Each line of the data below should be restated exactly, with images left out.

+++ GIVEN INFORMATION

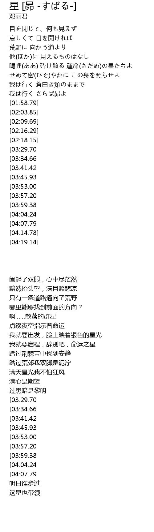 | [01:23.55] | 我は行く さらば昴よ |
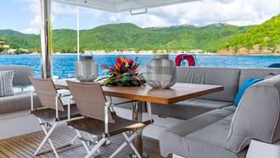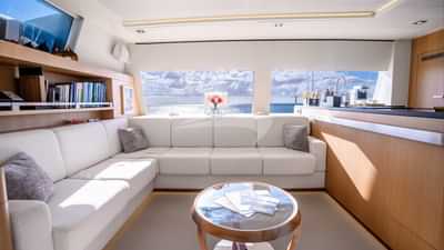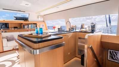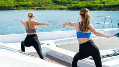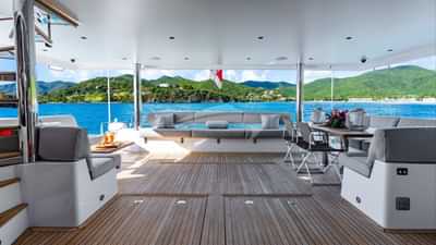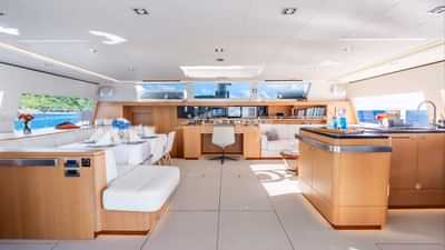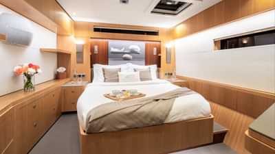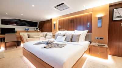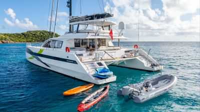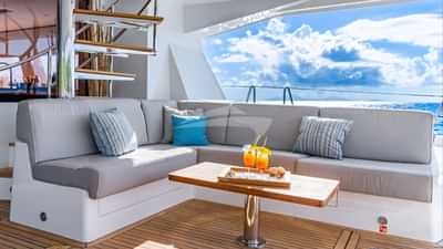 Les équipements à bord pour les clients du charter incluent la climatisation, des sièges sur le pont avant, un accès Internet par satellite Starlink, des coussins solaires, une télévision dans toutes les cabines et une connexion Wi-Fi.
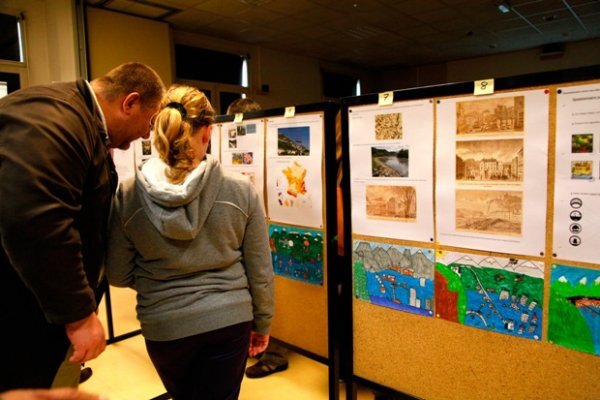 Le dossier réalisé par les CM2 d’Anthoard a fait l’objet d’une présentation préalable, à laquelle furent invités les parents. Ci-dessous, une élève présente les pages du dossier, qui associent gravures, photos, cartes et dessins représentant Grenoble inondé, dont émergent les immeubles et que survolent les hélicoptères.

++++++

* _TASK RESPONSE_
 | [01:23.55] | 我は行く さらば昴よ |
 Les équipements à bord pour les clients du charter incluent la climatisation, des sièges sur le pont avant, un accès Internet par satellite Starlink, des coussins solaires, une télévision dans toutes les cabines et une connexion Wi-Fi.
 Le dossier réalisé par les CM2 d’Anthoard a fait l’objet d’une présentation préalable, à laquelle furent invités les parents. Ci-dessous, une élève présente les pages du dossier, qui associent gravures, photos, cartes et dessins représentant Grenoble inondé, dont émergent les immeubles et que survolent les hélicoptères.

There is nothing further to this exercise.